Several of you have contacted me individually, so I thought I'd post this publicly to cover all bases.

Isaias came ashore about 10 miles south of us, putting us on the eastern part of the eyewall. Oak Island made national news for the general destruction of the beach area, but we live on the north side of the east-west-oriented island, on the intracoastal waterway. The green dot is us; the red was wiped out.



The water came up about 5 feet higher than expected, over our pier railings. The "damage" we sustained was to our mulch and our backs and muscles as we cleaned up.

Apparently a storm surge jumped on top of a full-moon high tide. The local marinas were wiped out as the floating docks exceeded the height of their pilings. (My floating dock has very tall pilings, so nothing happened to it, our boat, or us.) Here is a before and after photo of a nearby one:






That little gray bar near the bottom was what used to be the fuel dock, where the very large vessel is shown in the upper photo.

Needless to say, we are grateful to be safe and damage-free.

Thanks to all who cared enough to inquire.


----------



## abax (Aug 5, 2020)

Thank you for posting Ray. I'm a worrier and need reassurance. So
glad you escaped with little damage.


----------



## DrLeslieEe (Aug 5, 2020)

Sweet apples! That was close. Glad you and family, as well as orchids, are safe.


----------



## Guldal (Aug 6, 2020)

But here, for the grace of God, go you! Glad to hear you are sound and safe, Ray!


----------



## KateL (Aug 7, 2020)

Wow, Ray.

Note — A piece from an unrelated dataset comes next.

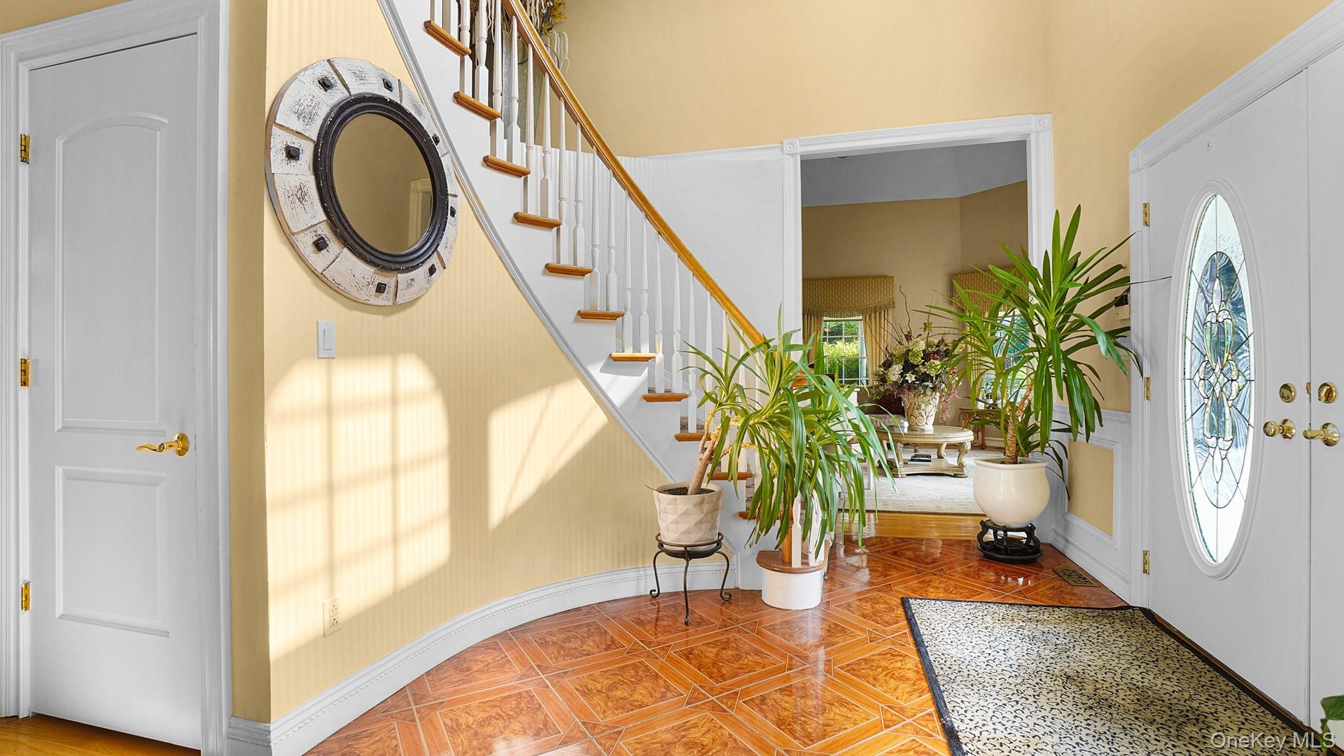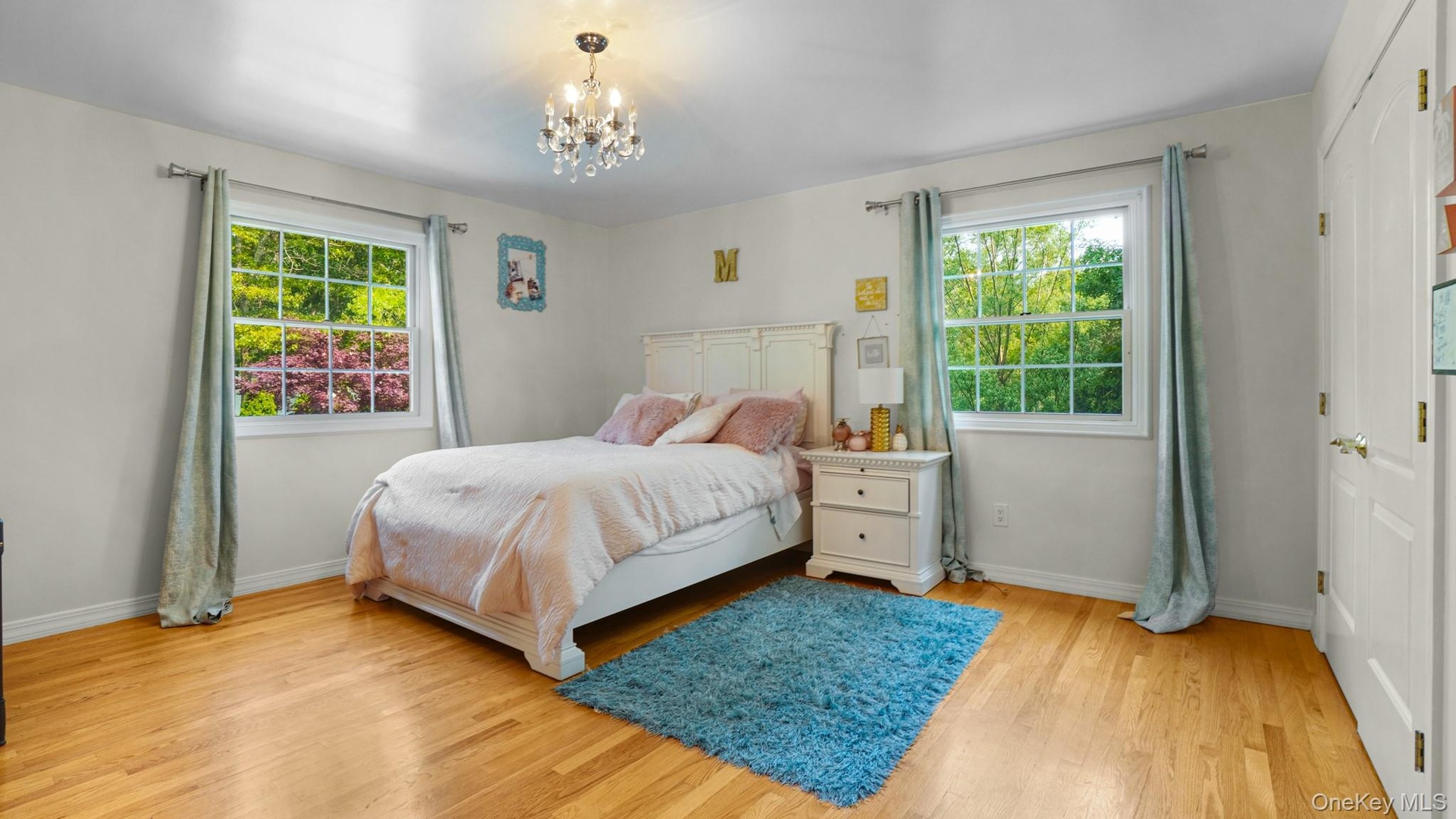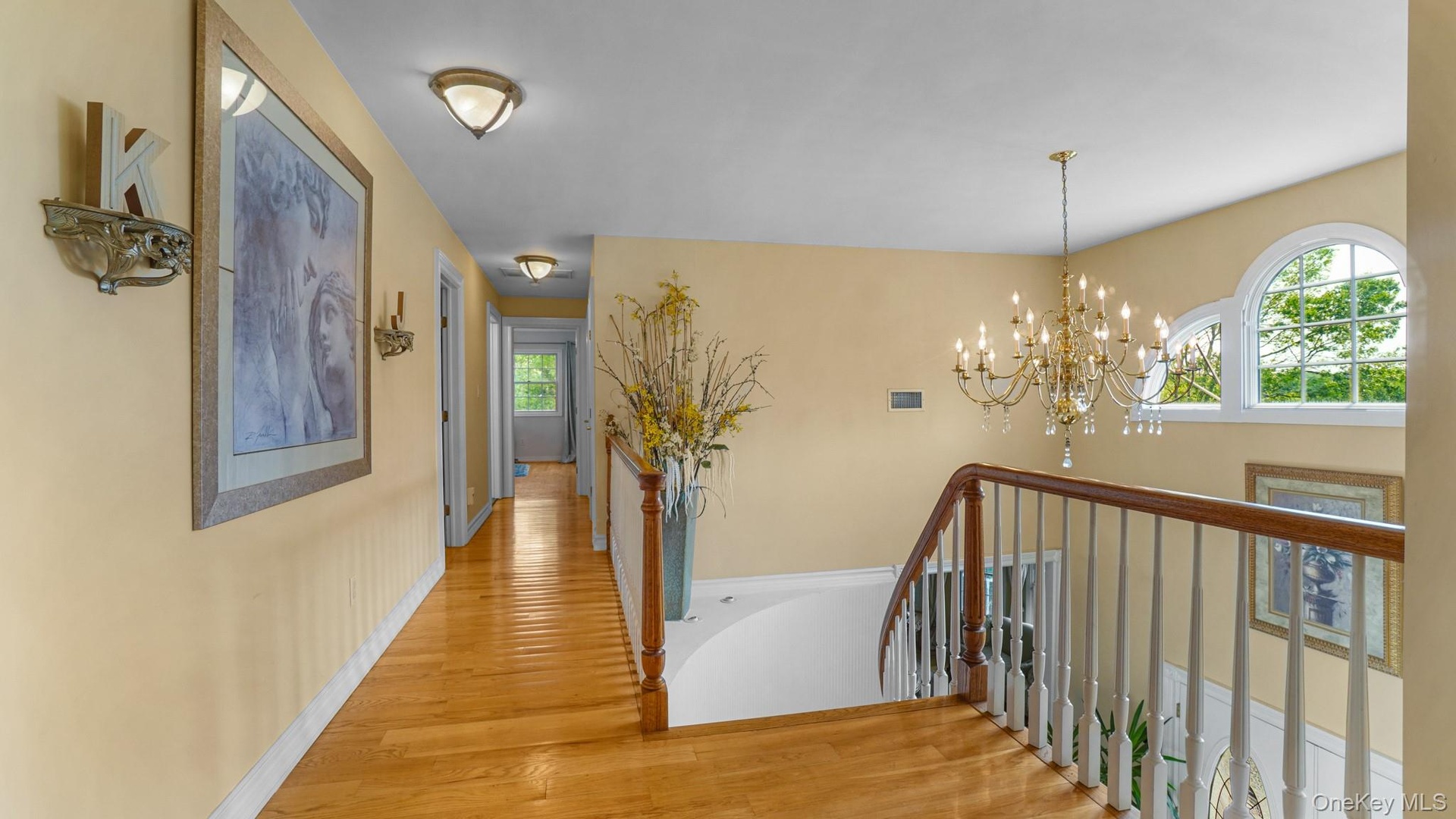 - Hall featuring wood finished floors, a chandelier, and an upstairs landing

That was a close one. My heart goes out to your neighbors. Best, Kate


----------



## southernbelle (Aug 7, 2020)

Ray said:


> Several of you have contacted me individually, so I thought I'd post this publicly to cover all bases.
> 
> Isaias came ashore about 10 miles south of us, putting us on the eastern part of the eyewall. Oak Island made national news for the general destruction of the beach area, but we live on the north side of the east-west-oriented island, on the intracoastal waterway. The green dot is us; the red was wiped out.
> 
> ...


Thankful for the little land it had to cross before getting to you!! I grew up in Louisiana so have a healthy respect for these things, even at Cat 1.


----------



## Silverwhisp (Aug 8, 2020)

Jiminy! Glad to hear you’re okay.


----------